Teresa, that is too hilarious. While you’re getting married. I had a friend in college who had a tendency to fall asleep in class—including during tests. He was a singer and songwriter (extraordinary voice) getting a degree in chemistry to please his parents. He just didn’t want to be there.
Oh, and storytelling? That’s a nice succinct little example you wrote for us there!
hook: “I write while I’m doing something else.”
development: “wide-open space = fritter away my time,” “multitasking is a misnomer,” “economics exam.”
faux resolution: “I got an F” (proves your original point)
climax: “I got the poem published”
BOOM!
The blogosphere has annoyingly been getting in the way of my writing. My goal is to let it happen less and less. Notice, though, how long it took me to get over here and read this post?
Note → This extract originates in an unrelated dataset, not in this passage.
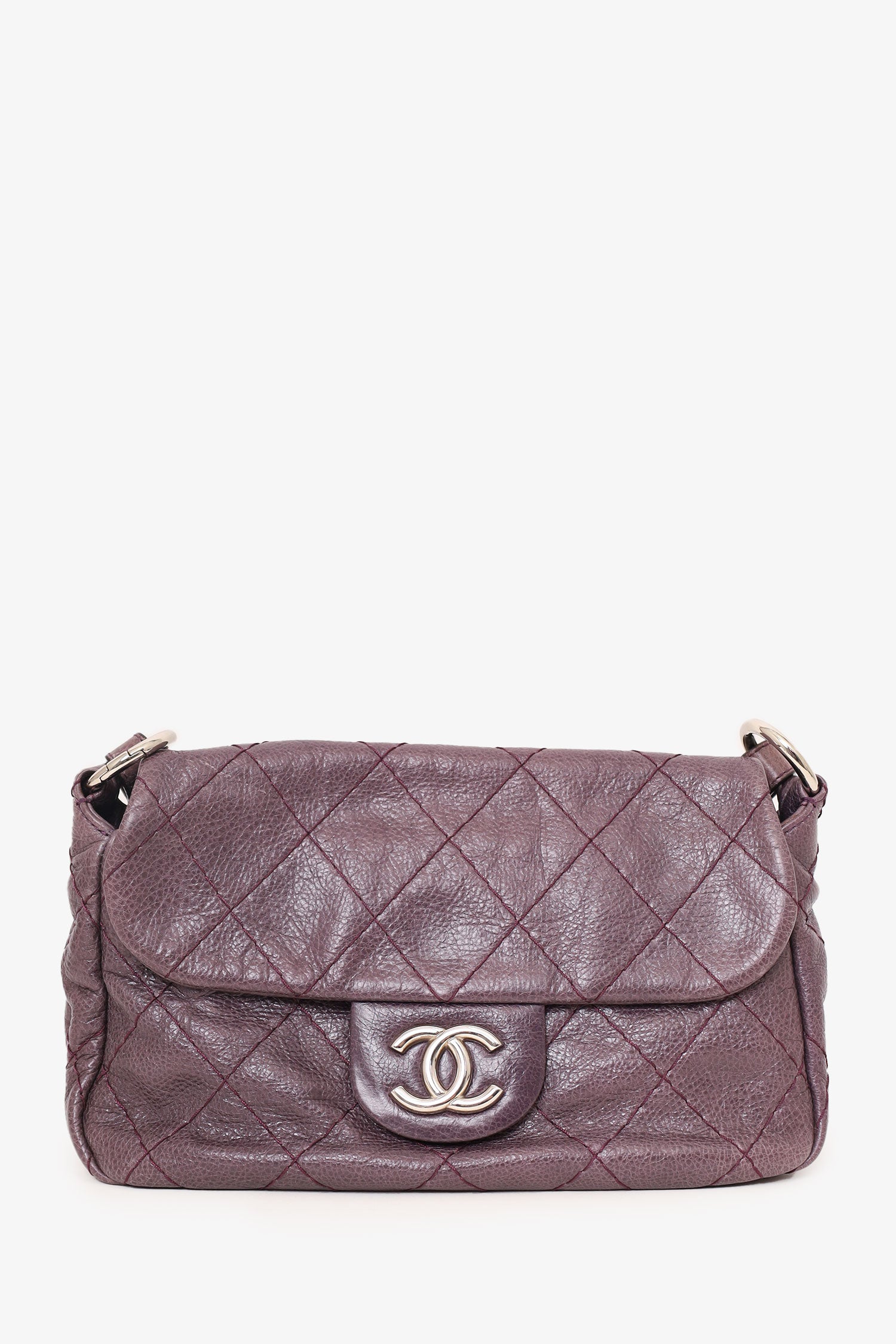 Pre-Loved Chanel™ 2009-10 Purple Glazed Calfskin Stitched On The Road Flap Bag

That is heartening. 🙂
Yes, it is, Michelle, and I bet Nick thanks you.
Now I just read a piece by Jason Pinter in the Huffington Post this morning about how everyone in the industry needs to be on social media connecting with each other because that’s suddenly where the whole industry is going on. And I’m thinking, ‘Even more Twitter? Well, there goes that last shred of hope of starting a new novel.’
Um, I think that’s crap that we’re supposed to spend so much time online. Whatever. It’s the writing that really counts in my opinion. That should always come first!
:)) “That’s crap.” Good for you.
Molly Friedrichs was quoted in a P&W interview a little over a year ago as saying, “The Internet is a problem in that it keeps people from writing.” And I thought, ‘I want HER for my agent.”